Nightclub boss arrested over horror blaze

Locked doors at a Buenos Aires nightclub – some padlocked, others tied shut with wire – blocked or slowed the escape of many concert fans who fought to escape a fire that killed 175 people and injured hundreds, survivors and officials said.

Nightclub boss arrested over horror blaze

Locked doors at a Buenos Aires nightclub – some padlocked, others tied shut with wire – blocked or slowed the escape of many concert fans who fought to escape a fire that killed 175 people and injured hundreds, survivors and officials said.

Investigators said they believed one of Argentina’s worst disasters began when a flare was fired during a rock concert, igniting the foam ceiling of a club crowded with mostly teenagers.

Club owner Omar Chaban was arrested last night by order of investigating Judge Maria Crotto to be interrogated about his possible responsibility in the fire.

Another 714 people were injured in the blaze, which set off a stampede for the exits as the concert hall filled with thick, black smoke. At least 102 people were reported to be in critical condition, said Julio Salinas, an official with the Buenos Aires emergency services department.

Thursday night’s fire tore through the Cromagnon Republic nightclub, where the Argentine rock band Los Callejeros was playing to a crowd of some 4,000 people. Argentine media reported the nightclub had a capacity for 1,500 people.

Witnesses described chaotic scenes of people rushing for the doors amid burning debris, their vision blured by thick smoke that also blocked out emergency lighting. Other witnesses told of people struggling to force open the doors.

A 22-year-old survivor who gave his name only as Andres said surging crowds pushed their way toward several of the club’s six doors but found some of them would not open.

“Once the fire erupted, everyone ran for the doors, but there was only one very narrow one open at the exit closest to us. Another wider door next to it was locked,” he said.

Buenos Aires mayor Anibal Ibarra said four of the building’s doors – including two emergency exits – were either tied shut with wire or locked with padlocks in an apparent attempt to prevent people from entering without paying.

“Had they been open, we surely would have avoided a lot of deaths,” he said, calling the locked doors an ”irresponsible act”.

“It seems there were condemned to a terrible trap,” said interior minister Anibal Fernandez.

Hospital officials said many of the victims were in their teens or 20s, and tearful parents and relatives filed into the city’s mortuary to identify bodies.

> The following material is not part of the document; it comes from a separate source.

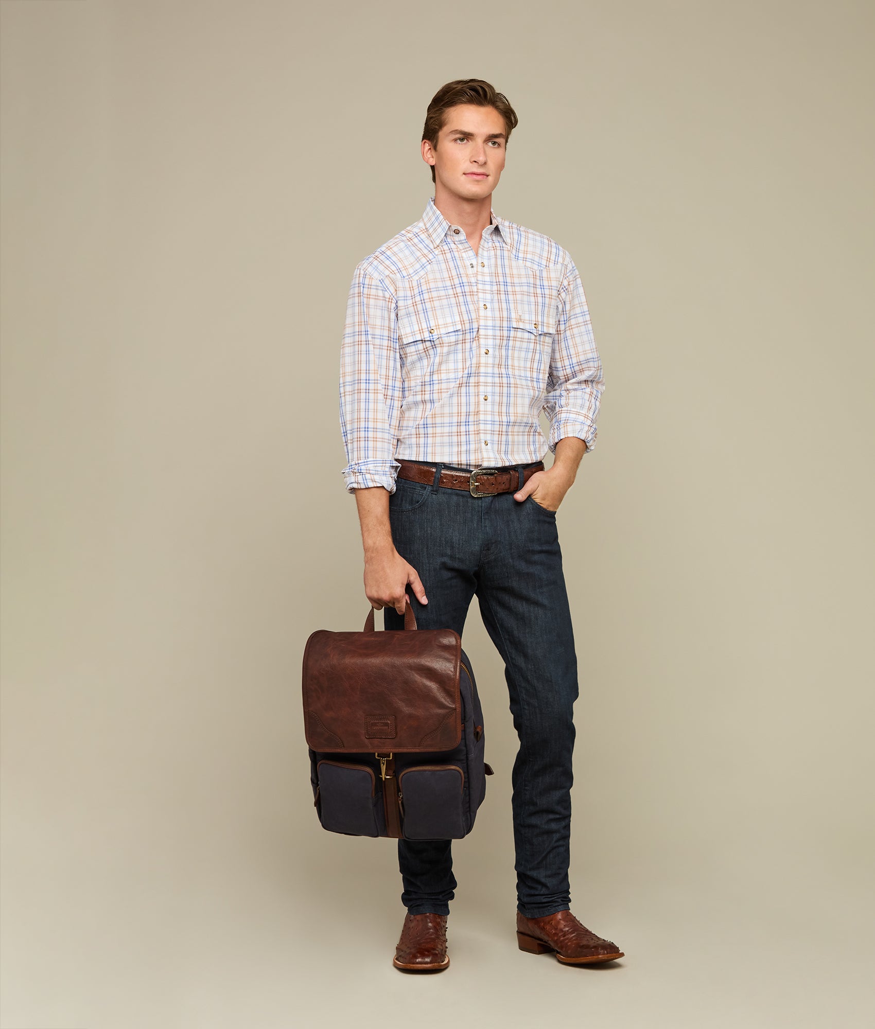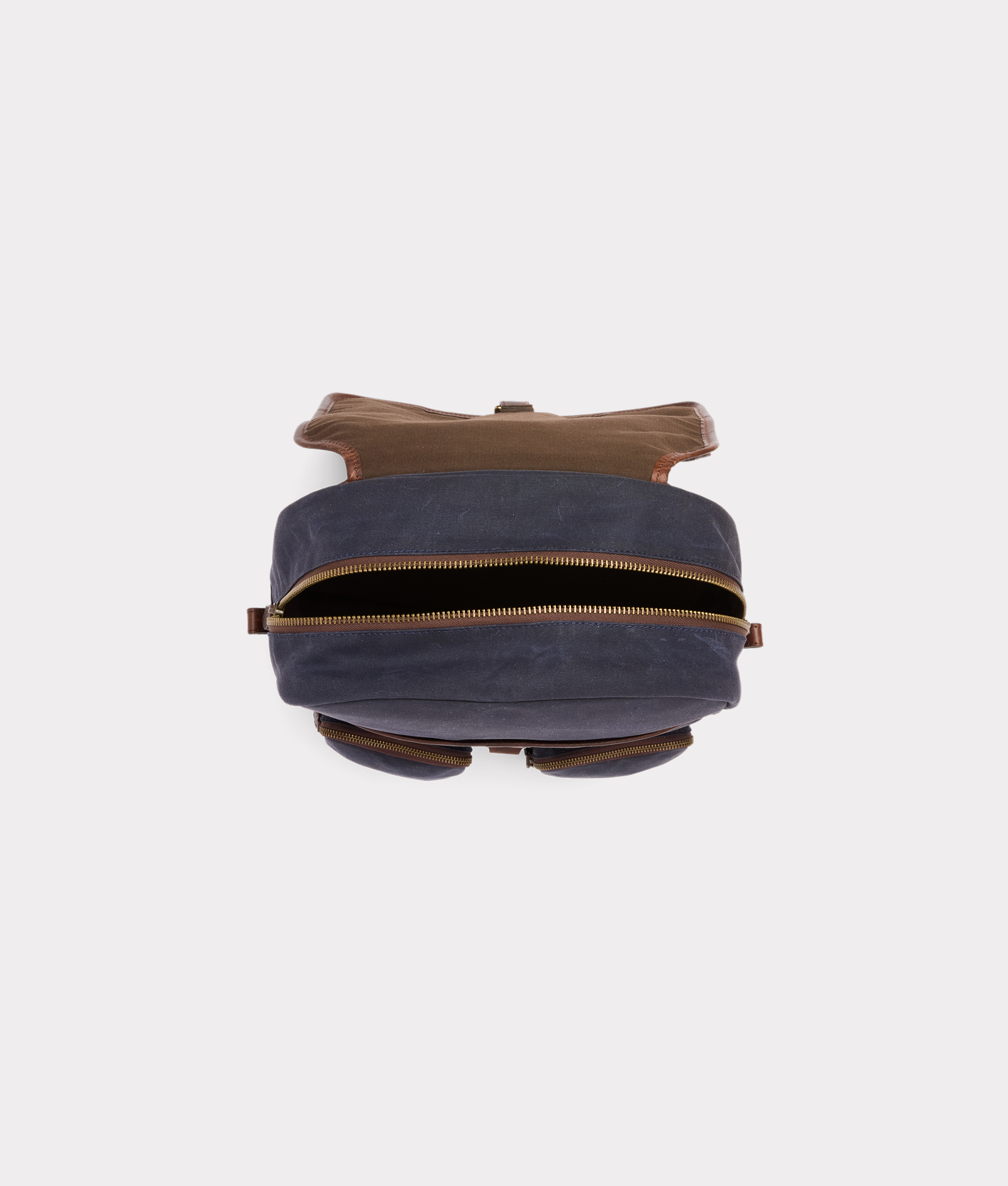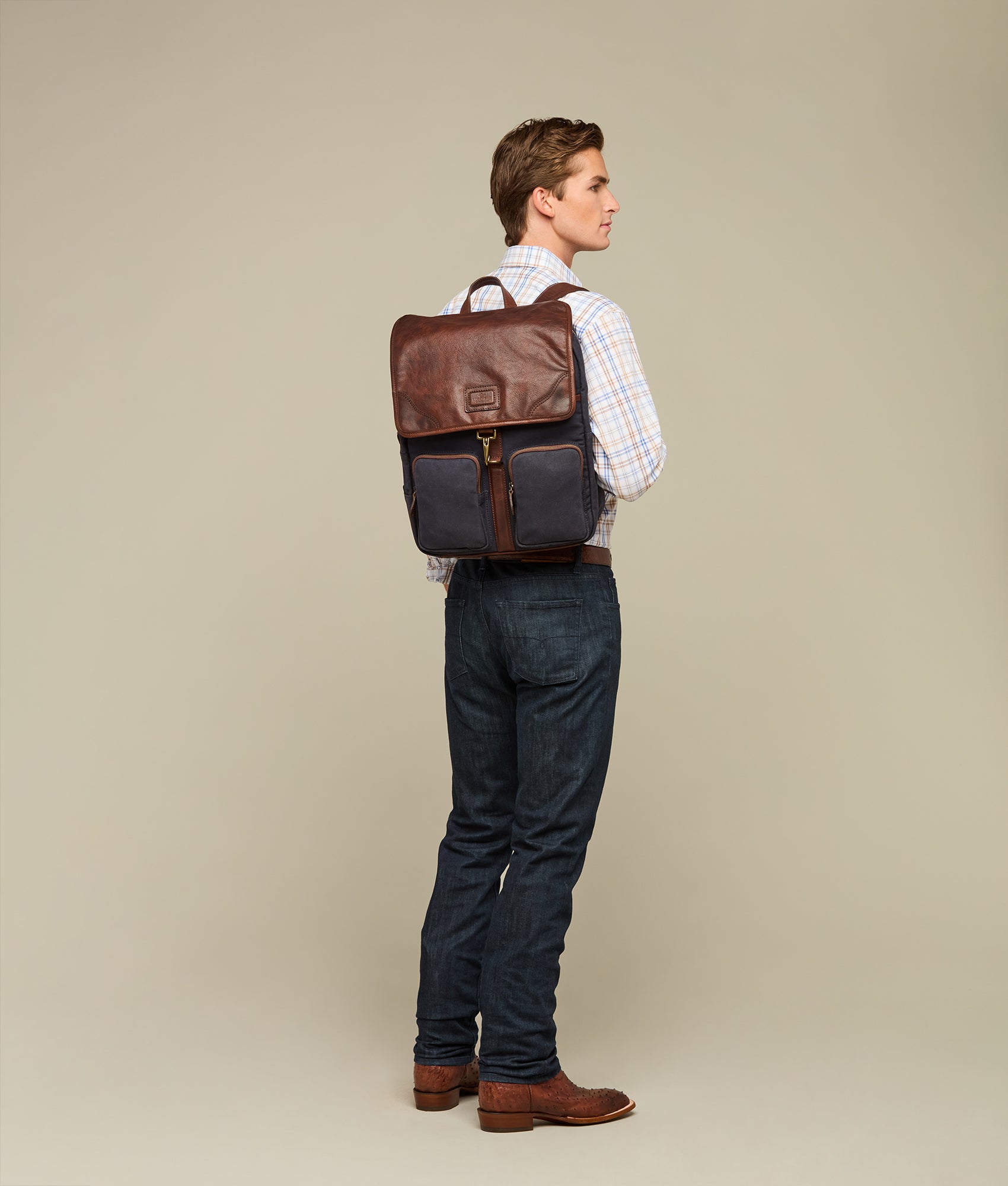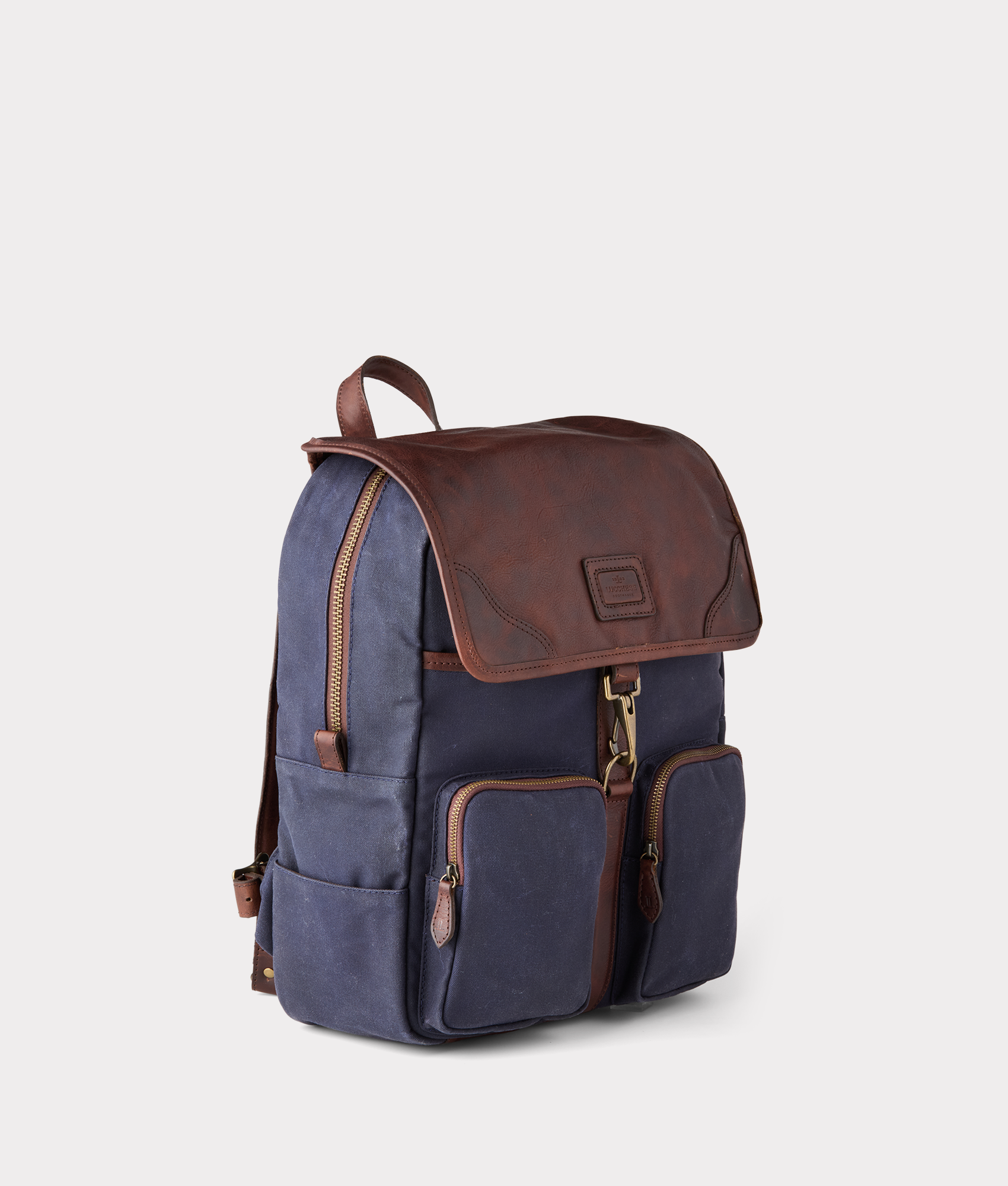 The Everyday Waxed Canvas Backpack sits squarely on the back and in the middle of adventure. The navy waxed canvas offers a look that is both rugged and refined. At the end of an outdoor weekend. throw your backpack down along with the rest of your Everyday Collection and rest. Whether you’re in the office or on the go. this bag meet all your needs. Meets major U.S. airline carry-on size requirements.

Survivors said some people had gone to the concert with young children, and rescue workers said they had recovered around a dozen bodies of children inside the club.

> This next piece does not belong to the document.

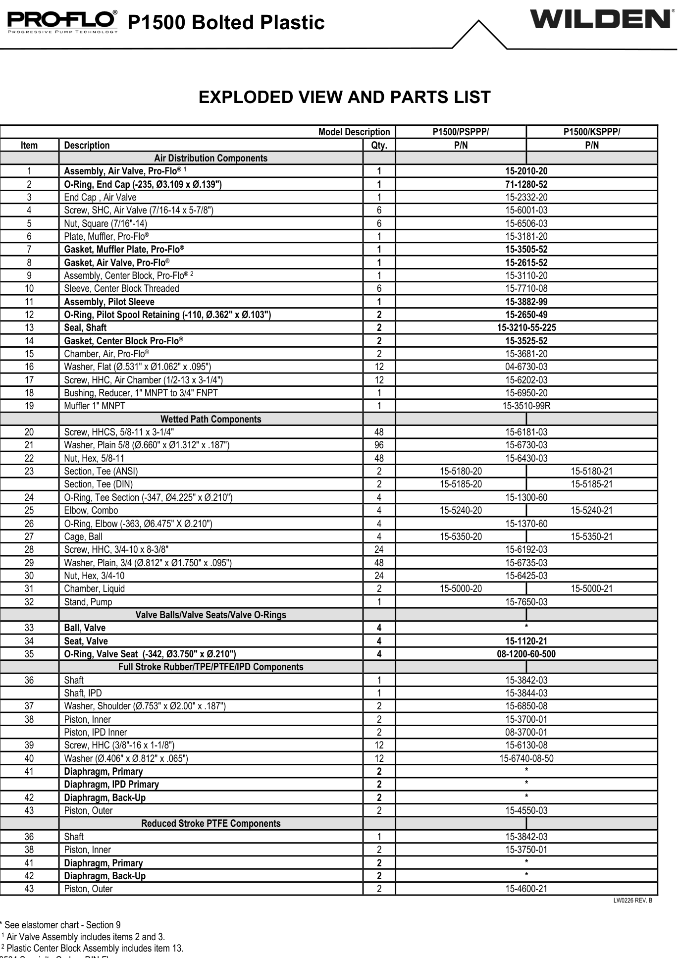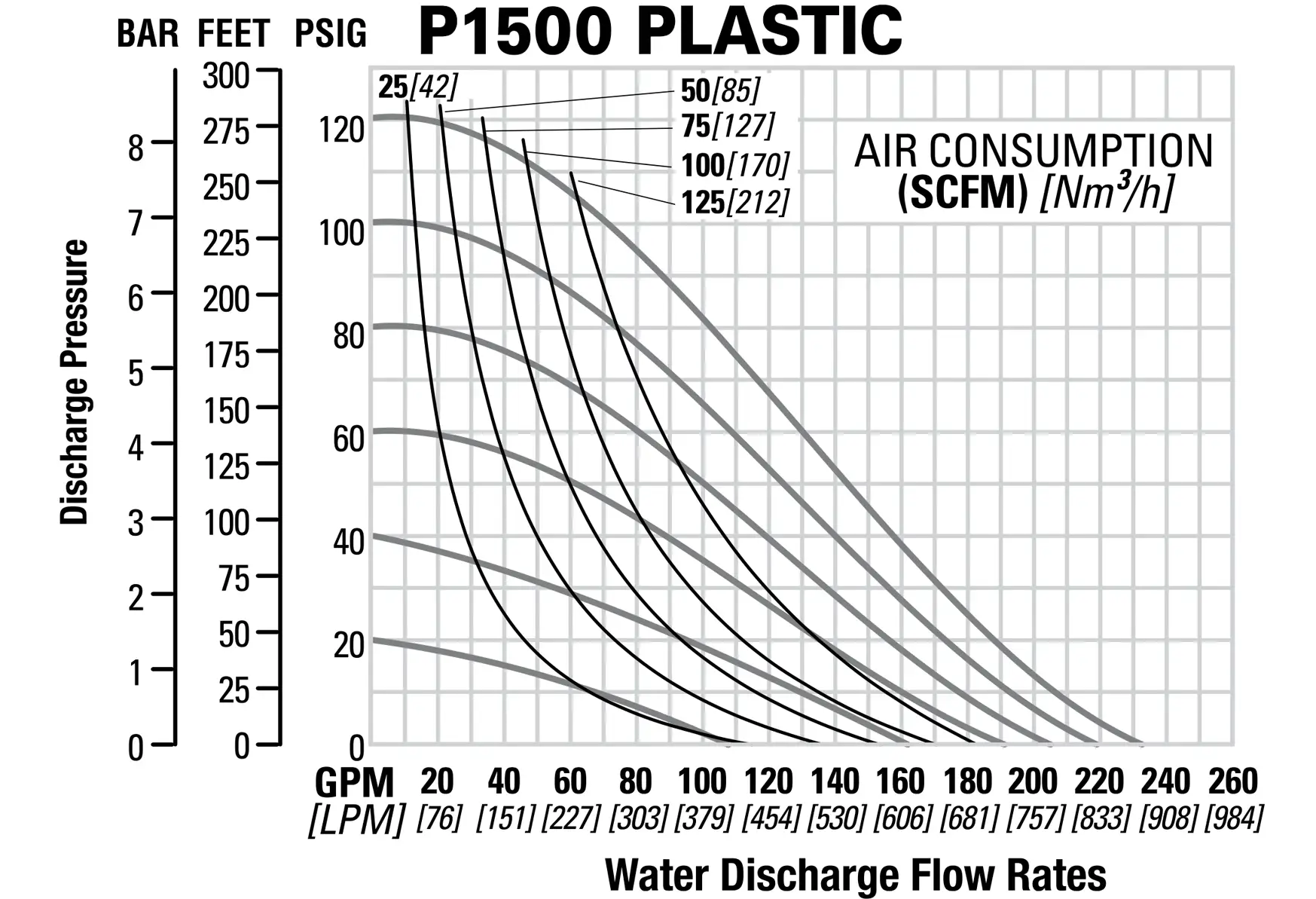 | Presión mínima de entrada de aire: | 10 psig (0.7 bar) - PTFE / 20 psig (1.4 bar) - Santoprene |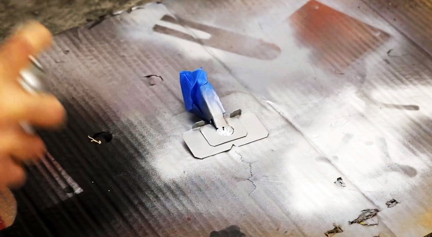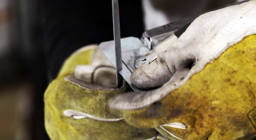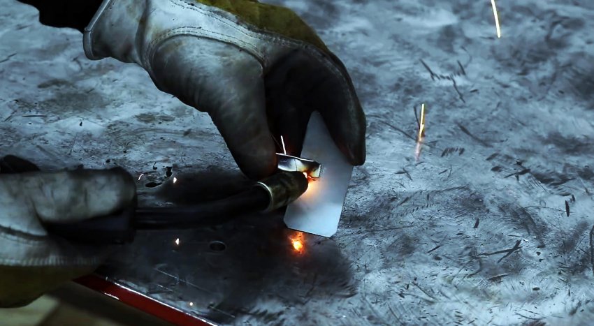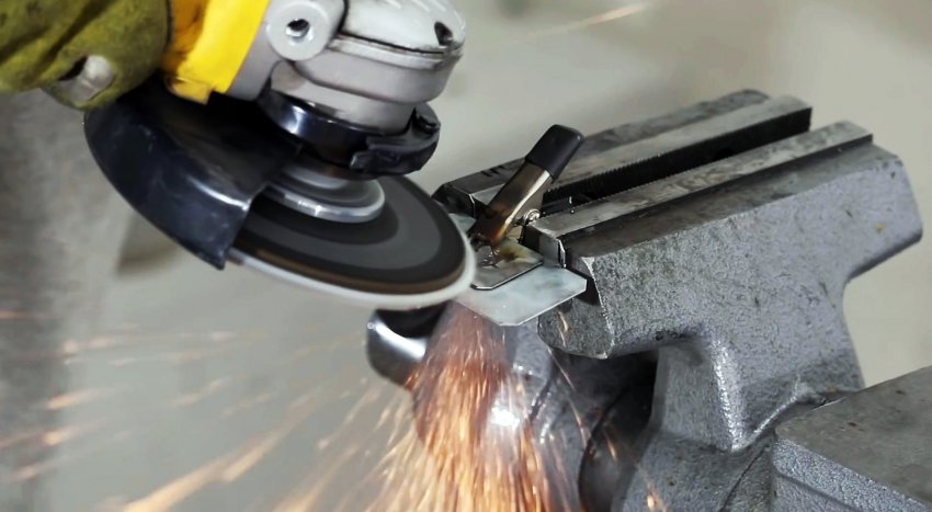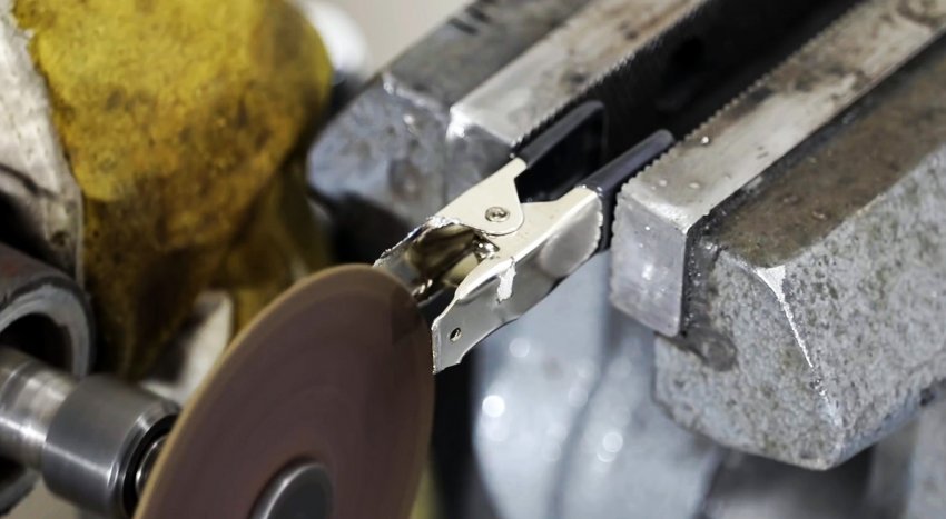 Затем в нем зажимаются пластины. Каждая из них приваривается к своей губке. Далее сварочный шов зачищается, и в центре пластин делается пропил.

Hundreds of parents and relatives gathered outside the city’s hospitals, awaiting news on the fate of their loved ones.

The Buenos Aires city government declared three days of mourning and ordered all nightclubs closed during the New Year holiday weekend. Pope John Paul 11 expressed his condolences to the victims’ families in a message sent to Argentine church officials.

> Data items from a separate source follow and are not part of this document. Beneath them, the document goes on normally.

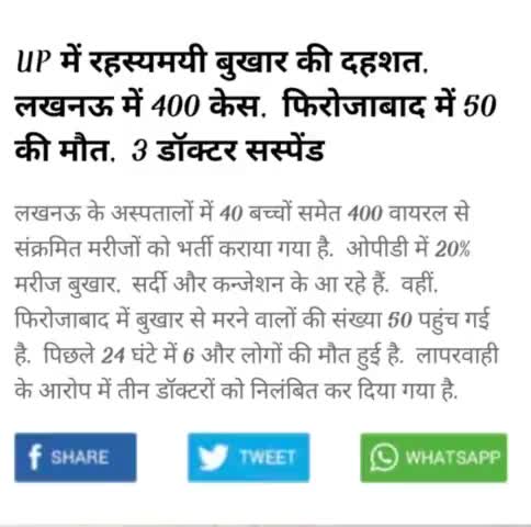 UP में रहस्यमयी बुखार की दहशत, लखनऊ में 400 केस, फिरोजाबाद में 50 की मौत, 3 डॉक्टर सस्पेंड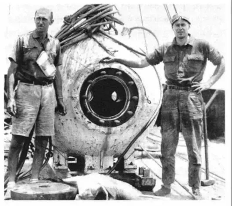 深海的巨大水压为有别于潜艇的深潜器提出了完全不同的要求。1928年,美国人巴顿用钢铁制造了一个球形潜水装置。这个“球”内置简单的照明、呼吸和通信设施,至于动力系统、生命维持系统之类的现代深潜器标配更是没有,只是靠着与母船连接的一条钢索+电缆下潜与上浮。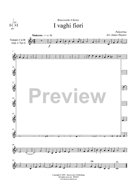 Digital Sheet Music for I Vaghi Fiori - Trumpet 2 in B-flat by Giovanni Pierluigi da Palestrina, James Haynor scored for Brass Quartet; id:411224

Survivors said the band members at one point appealed to fans to refrain from setting off fireworks – a common practice at rock concerts in Argentina. But one song into the concert, someone apparently fired a flare that sparked the blaze, concertgoers said.

Minutes after the fire started, shirtless concertgoers came spilling out of the building, many carrying people out on their shoulders. As firefighters quickly put out the flames, some youths – many covered in soot – joined parents in a frantic search for friends and relatives.

The nightclub fire in the working-class neighbourhood of Once recalled a blaze that swept a Paraguayan supermarket in August, killing 434 people in an Asuncion suburb. Authorities later said the doors were ordered shut by the store’s owner to prevent looting.

In a 2003 nightclub fire in West Warwick, Rhode Island, 100 people were killed in a blaze that authorities said began when sparks from a band’s pyrotechnics ignited foam used as soundproofing.